A Macro Intelligence Memo | June 2030 | Investor Edition

FROM: The 2030 Report DATE: June 15, 2030 RE: Bajaj Finance Portfolio Deterioration, Funding Stress, and Path to Recovery


SUMMARY: THE BEAR CASE vs. THE BULL CASE

THE BEAR CASE: Bajaj Finance faces extended credit stress with structural NPA normalization delayed beyond 2033. IT sector unemployment persists at 4%+ through 2032. Funding markets remain hostile. The company destroys shareholder value through equity dilution (capital raising), dividend cuts accelerate, and ROIC remains compressed below 12%. Market cap could decline to ₹12-14 trillion by 2032 (40-50% downside), with dividend yield potential capped at 2-3%.

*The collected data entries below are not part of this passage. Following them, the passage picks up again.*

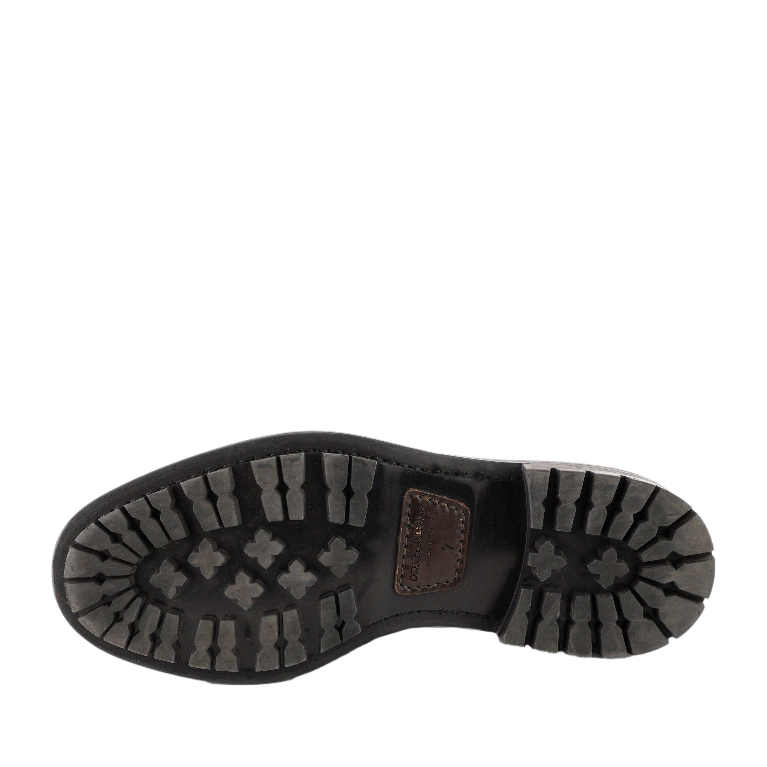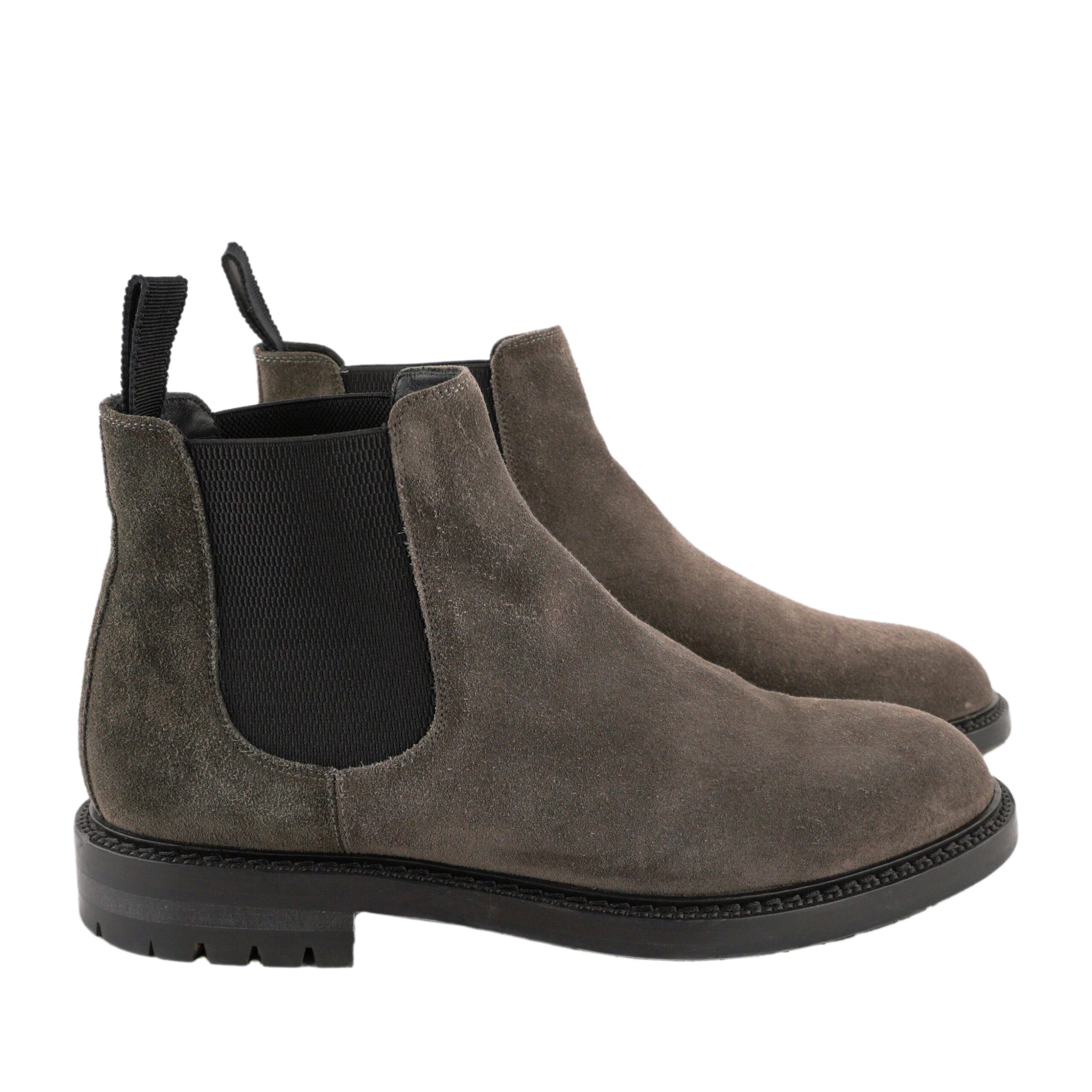 These Dolce & Gabbana Chelsea boots are crafted in supple gray suede with a modern rugged sole. Featuring elastic side panels and back pull tabs, they combine easy wear with timeless style. A durable rubber tread sole ensures both comfort and traction, making them a versatile choice for smart-casual and everyday outfits.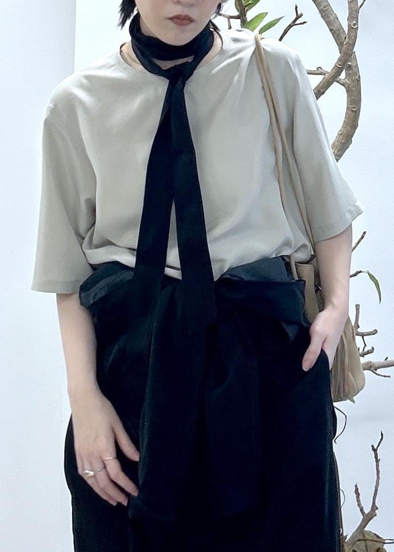 ジェントルシルクのTブラウスと合わせて着用してみました。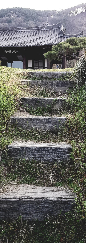 오래된 한옥 정자 마당 앞에서 찻잔들고 오락가락하는, 나 자신도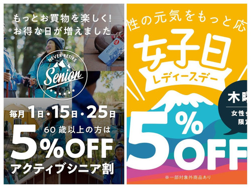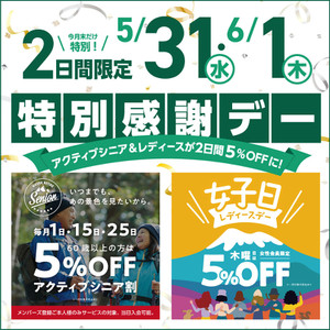 「レディースデイ」と「アクティブシニアデイ」の開催します! ①女性会員様 5%オ...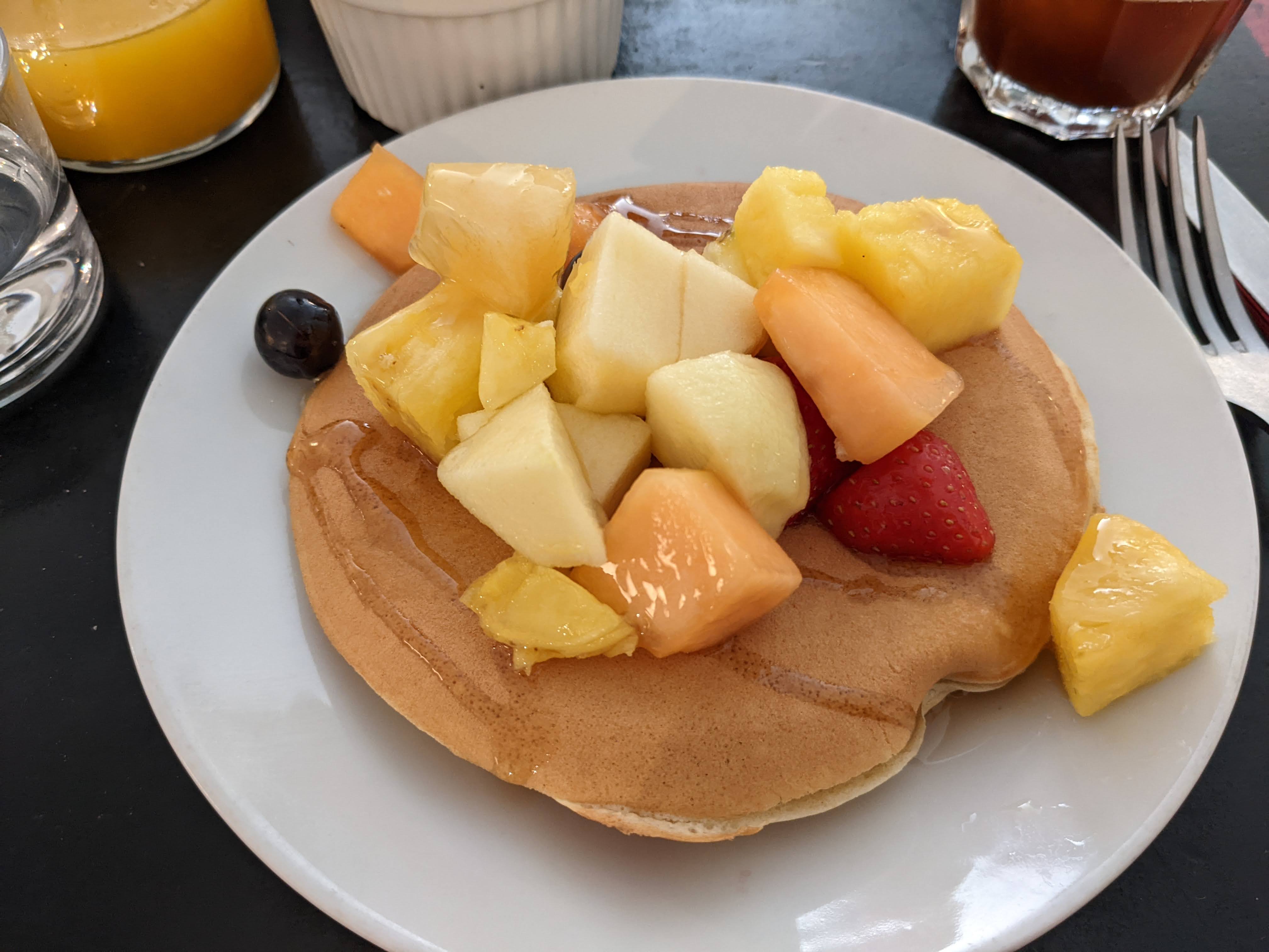 Excellente adresse pour les amateurs d'œufs, entre les œufs Bénédicte au saumon, les toasts, les pancakes, le jus d'orange pressé et la salade de fruits... Nous avons très bien déjeuné !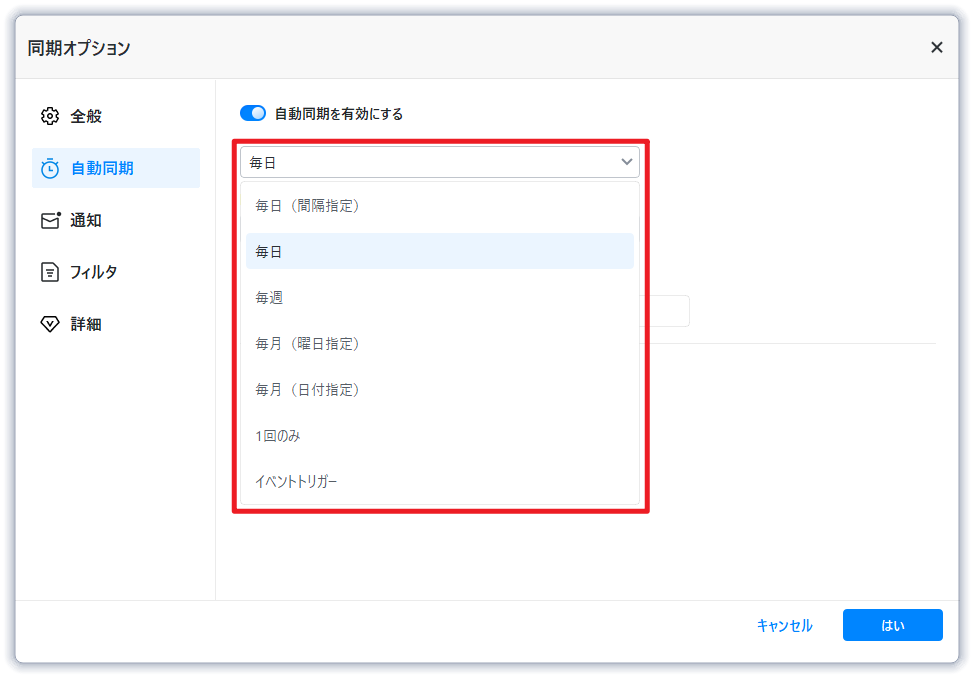 手順 4. 双方向同期を自動的に実行するには、下部にある「自動同期」をクリックし、適切な同期頻度を選択します。

THE BULL CASE: Management's AI-driven credit strategy and capital adequacy provide platform for faster recovery. IT sector unemployment normalizes to 2.5% by Q2 2031. Funding costs normalize 160+ bps by end-2032. NPA peaks in Q2 2030 at 3.8%, normalizes to 1.4% by end-2033. ROE recovers to 30%+ by 2033. Stock price reaches ₹5,480-6,200 by 2033 (48-67% upside) with sustainable 3.5%+ dividend yield supported by 30%+ ROIC.


EXECUTIVE SUMMARY

Bajaj Finance, India's largest non-banking financial company (NBFC) with $45 billion in assets, experienced a severe credit crisis during 2029-2030 as unemployment in India's IT services sector cascaded into consumer loan defaults. The company's market capitalization contracted 42% from its November 2028 peak of $31 billion to $18 billion by June 2030, reflecting deteriorating asset quality, funding stress, and uncertainty around sector recovery timelines.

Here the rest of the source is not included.